■ TASK: Write the listing out once more, identical to the original but without pictures.

■ DATA BELOW:
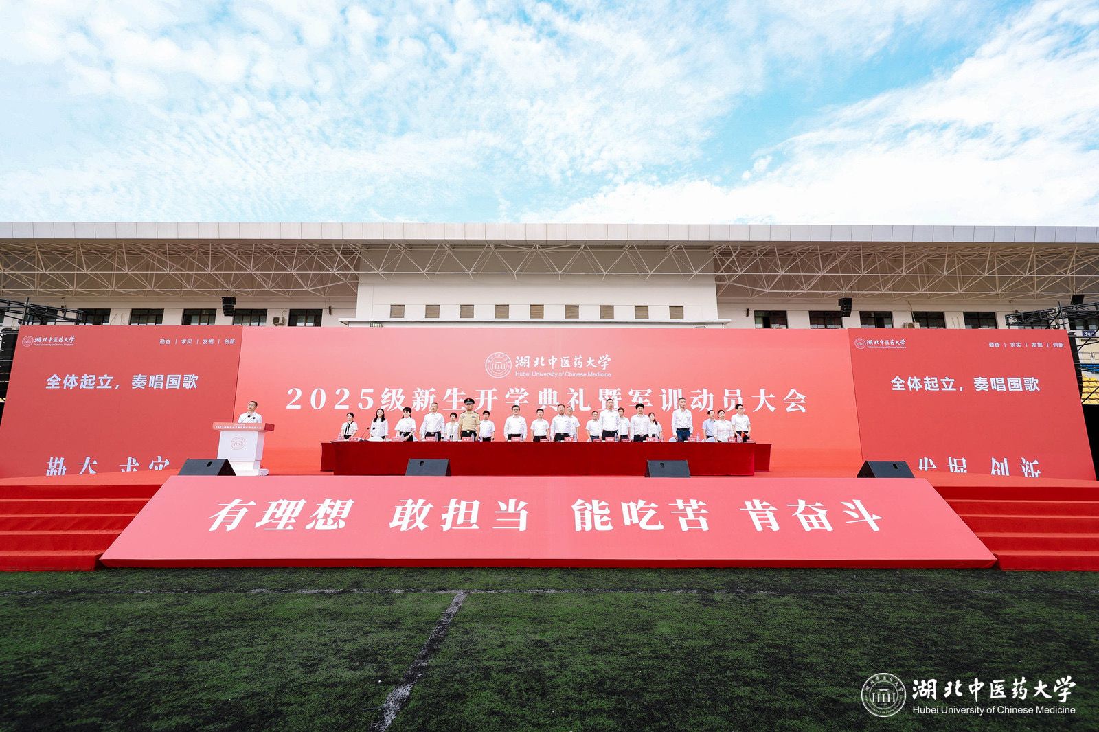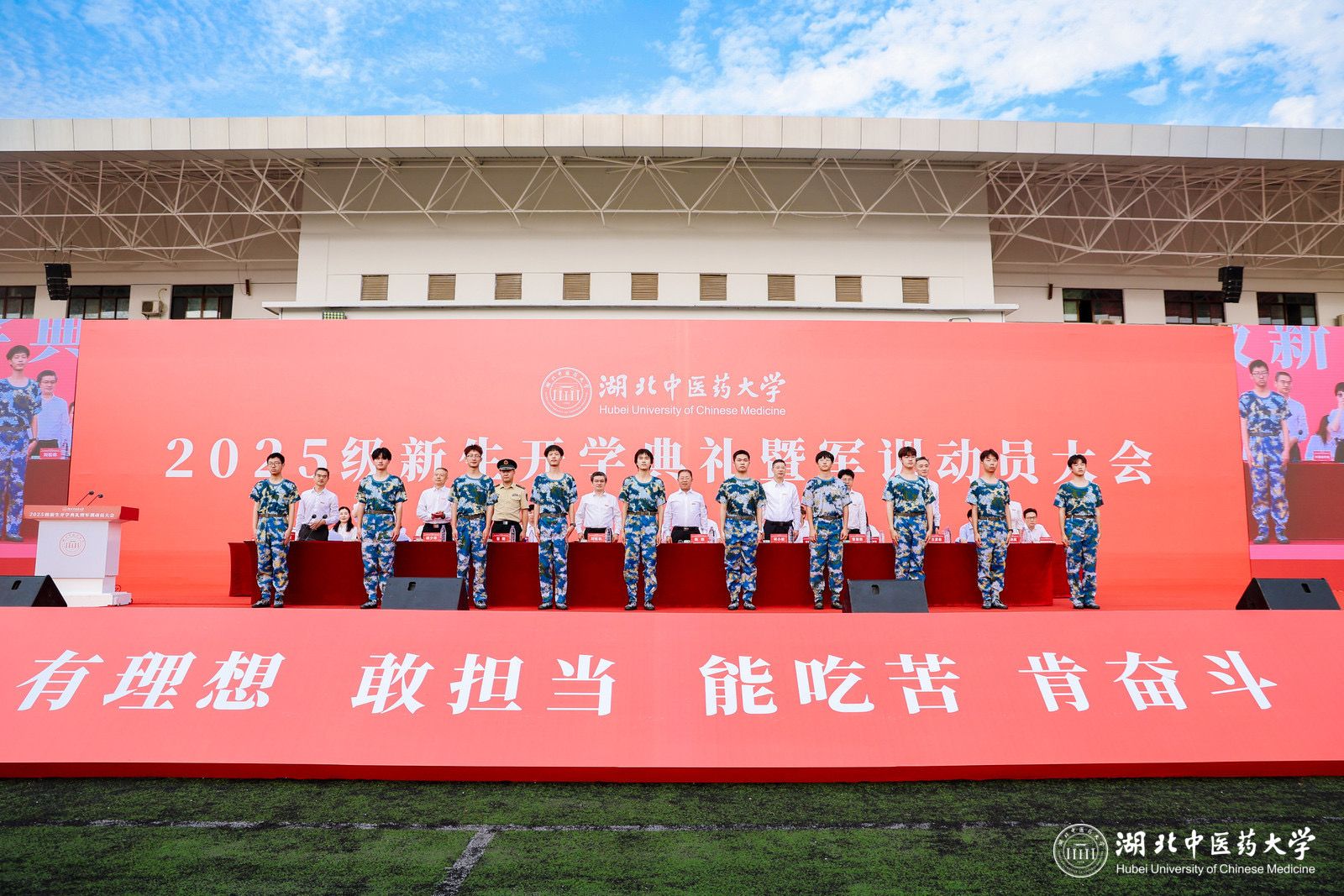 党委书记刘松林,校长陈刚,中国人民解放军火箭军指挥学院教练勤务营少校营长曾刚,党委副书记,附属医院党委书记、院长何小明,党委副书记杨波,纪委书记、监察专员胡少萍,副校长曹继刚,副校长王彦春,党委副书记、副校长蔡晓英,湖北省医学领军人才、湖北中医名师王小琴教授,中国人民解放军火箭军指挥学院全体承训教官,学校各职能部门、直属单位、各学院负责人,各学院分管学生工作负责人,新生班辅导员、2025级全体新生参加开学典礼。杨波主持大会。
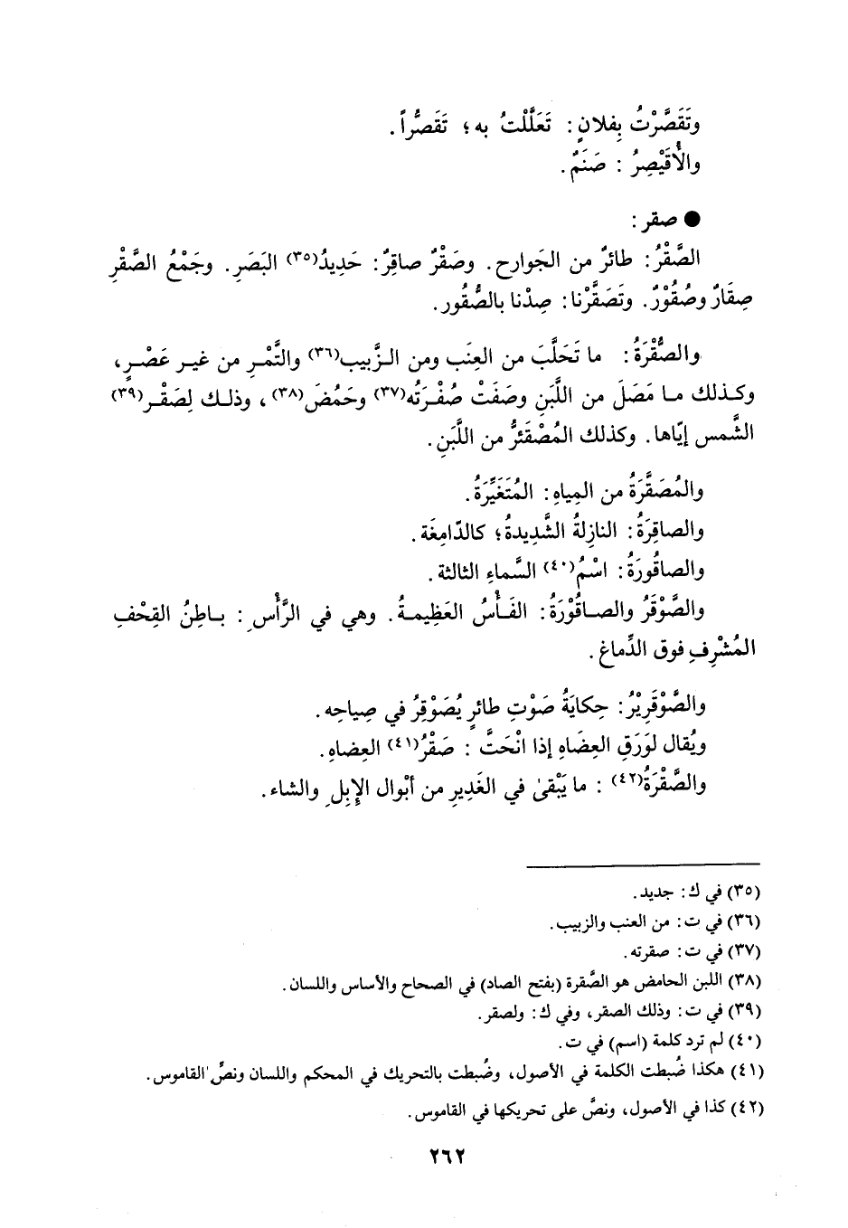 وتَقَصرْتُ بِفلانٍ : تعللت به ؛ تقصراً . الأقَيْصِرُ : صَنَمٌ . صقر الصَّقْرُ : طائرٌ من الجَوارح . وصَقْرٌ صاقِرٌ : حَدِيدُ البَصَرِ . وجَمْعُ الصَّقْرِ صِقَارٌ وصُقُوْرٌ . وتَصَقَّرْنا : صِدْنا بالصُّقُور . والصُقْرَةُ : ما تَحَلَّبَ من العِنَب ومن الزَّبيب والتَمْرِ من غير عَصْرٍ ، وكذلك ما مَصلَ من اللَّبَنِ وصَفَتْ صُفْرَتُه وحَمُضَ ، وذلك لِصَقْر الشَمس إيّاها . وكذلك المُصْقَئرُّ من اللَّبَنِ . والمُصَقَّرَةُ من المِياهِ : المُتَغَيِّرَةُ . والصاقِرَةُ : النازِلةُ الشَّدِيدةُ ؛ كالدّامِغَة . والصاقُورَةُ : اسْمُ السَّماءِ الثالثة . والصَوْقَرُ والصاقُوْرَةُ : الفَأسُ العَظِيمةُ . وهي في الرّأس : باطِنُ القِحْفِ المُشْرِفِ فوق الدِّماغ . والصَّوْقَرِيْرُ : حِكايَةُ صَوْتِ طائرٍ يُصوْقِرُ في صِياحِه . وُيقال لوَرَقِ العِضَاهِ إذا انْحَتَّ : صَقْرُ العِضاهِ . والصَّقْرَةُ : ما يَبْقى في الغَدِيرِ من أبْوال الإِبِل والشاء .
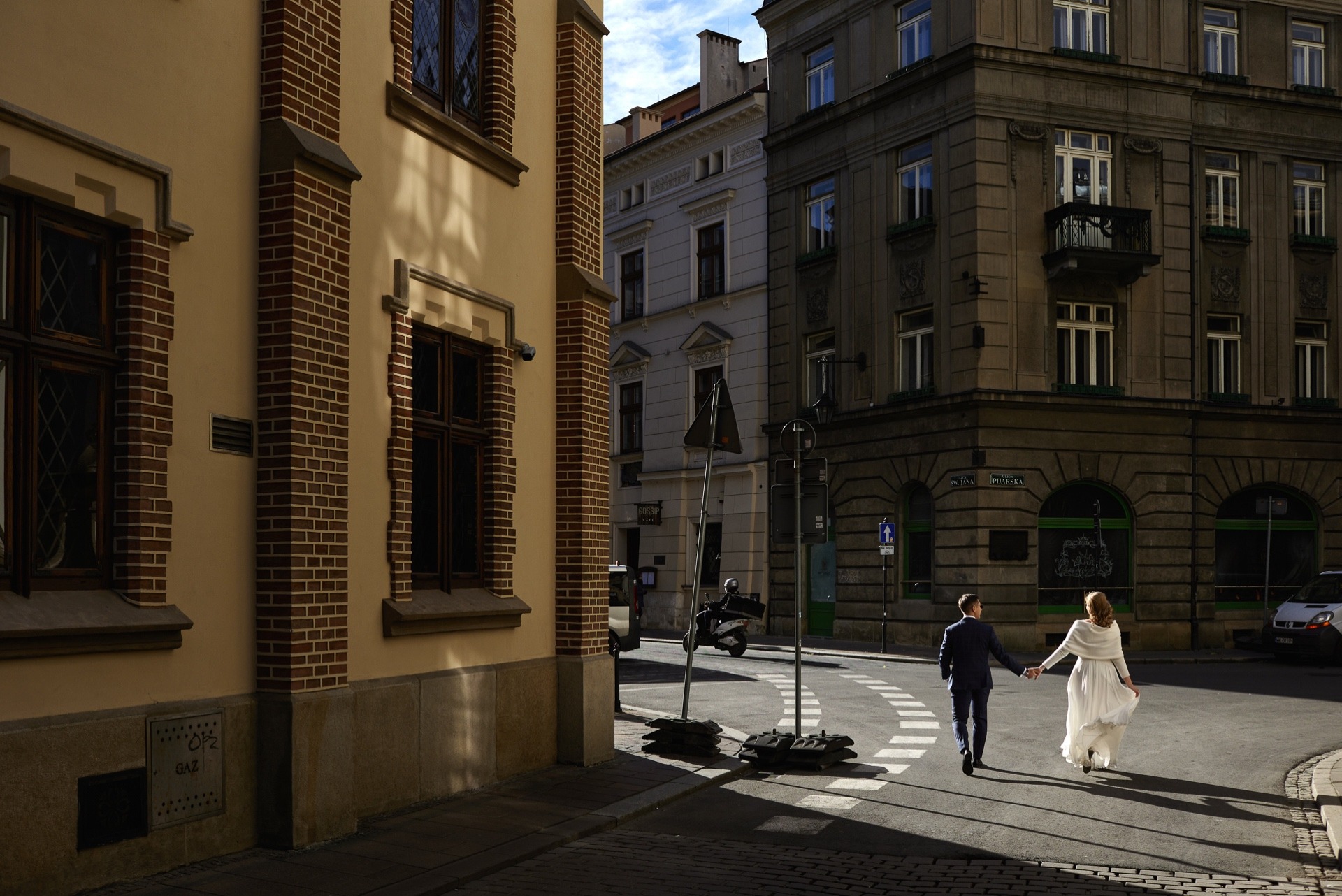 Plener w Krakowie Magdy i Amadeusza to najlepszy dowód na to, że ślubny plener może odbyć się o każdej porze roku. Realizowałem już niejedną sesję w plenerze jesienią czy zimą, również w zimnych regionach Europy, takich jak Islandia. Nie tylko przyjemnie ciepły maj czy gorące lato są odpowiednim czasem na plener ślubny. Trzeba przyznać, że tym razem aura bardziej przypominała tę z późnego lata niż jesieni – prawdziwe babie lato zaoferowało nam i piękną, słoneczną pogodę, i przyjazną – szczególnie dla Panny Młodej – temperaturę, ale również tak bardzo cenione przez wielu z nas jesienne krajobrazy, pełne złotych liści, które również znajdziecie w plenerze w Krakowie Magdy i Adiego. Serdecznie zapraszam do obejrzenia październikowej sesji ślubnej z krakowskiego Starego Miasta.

■ OUTPUT OF THE TASK:
 党委书记刘松林,校长陈刚,中国人民解放军火箭军指挥学院教练勤务营少校营长曾刚,党委副书记,附属医院党委书记、院长何小明,党委副书记杨波,纪委书记、监察专员胡少萍,副校长曹继刚,副校长王彦春,党委副书记、副校长蔡晓英,湖北省医学领军人才、湖北中医名师王小琴教授,中国人民解放军火箭军指挥学院全体承训教官,学校各职能部门、直属单位、各学院负责人,各学院分管学生工作负责人,新生班辅导员、2025级全体新生参加开学典礼。杨波主持大会。
 وتَقَصرْتُ بِفلانٍ : تعللت به ؛ تقصراً . الأقَيْصِرُ : صَنَمٌ . صقر الصَّقْرُ : طائرٌ من الجَوارح . وصَقْرٌ صاقِرٌ : حَدِيدُ البَصَرِ . وجَمْعُ الصَّقْرِ صِقَارٌ وصُقُوْرٌ . وتَصَقَّرْنا : صِدْنا بالصُّقُور . والصُقْرَةُ : ما تَحَلَّبَ من العِنَب ومن الزَّبيب والتَمْرِ من غير عَصْرٍ ، وكذلك ما مَصلَ من اللَّبَنِ وصَفَتْ صُفْرَتُه وحَمُضَ ، وذلك لِصَقْر الشَمس إيّاها . وكذلك المُصْقَئرُّ من اللَّبَنِ . والمُصَقَّرَةُ من المِياهِ : المُتَغَيِّرَةُ . والصاقِرَةُ : النازِلةُ الشَّدِيدةُ ؛ كالدّامِغَة . والصاقُورَةُ : اسْمُ السَّماءِ الثالثة . والصَوْقَرُ والصاقُوْرَةُ : الفَأسُ العَظِيمةُ . وهي في الرّأس : باطِنُ القِحْفِ المُشْرِفِ فوق الدِّماغ . والصَّوْقَرِيْرُ : حِكايَةُ صَوْتِ طائرٍ يُصوْقِرُ في صِياحِه . وُيقال لوَرَقِ العِضَاهِ إذا انْحَتَّ : صَقْرُ العِضاهِ . والصَّقْرَةُ : ما يَبْقى في الغَدِيرِ من أبْوال الإِبِل والشاء .
 Plener w Krakowie Magdy i Amadeusza to najlepszy dowód na to, że ślubny plener może odbyć się o każdej porze roku. Realizowałem już niejedną sesję w plenerze jesienią czy zimą, również w zimnych regionach Europy, takich jak Islandia. Nie tylko przyjemnie ciepły maj czy gorące lato są odpowiednim czasem na plener ślubny. Trzeba przyznać, że tym razem aura bardziej przypominała tę z późnego lata niż jesieni – prawdziwe babie lato zaoferowało nam i piękną, słoneczną pogodę, i przyjazną – szczególnie dla Panny Młodej – temperaturę, ale również tak bardzo cenione przez wielu z nas jesienne krajobrazy, pełne złotych liści, które również znajdziecie w plenerze w Krakowie Magdy i Adiego. Serdecznie zapraszam do obejrzenia październikowej sesji ślubnej z krakowskiego Starego Miasta.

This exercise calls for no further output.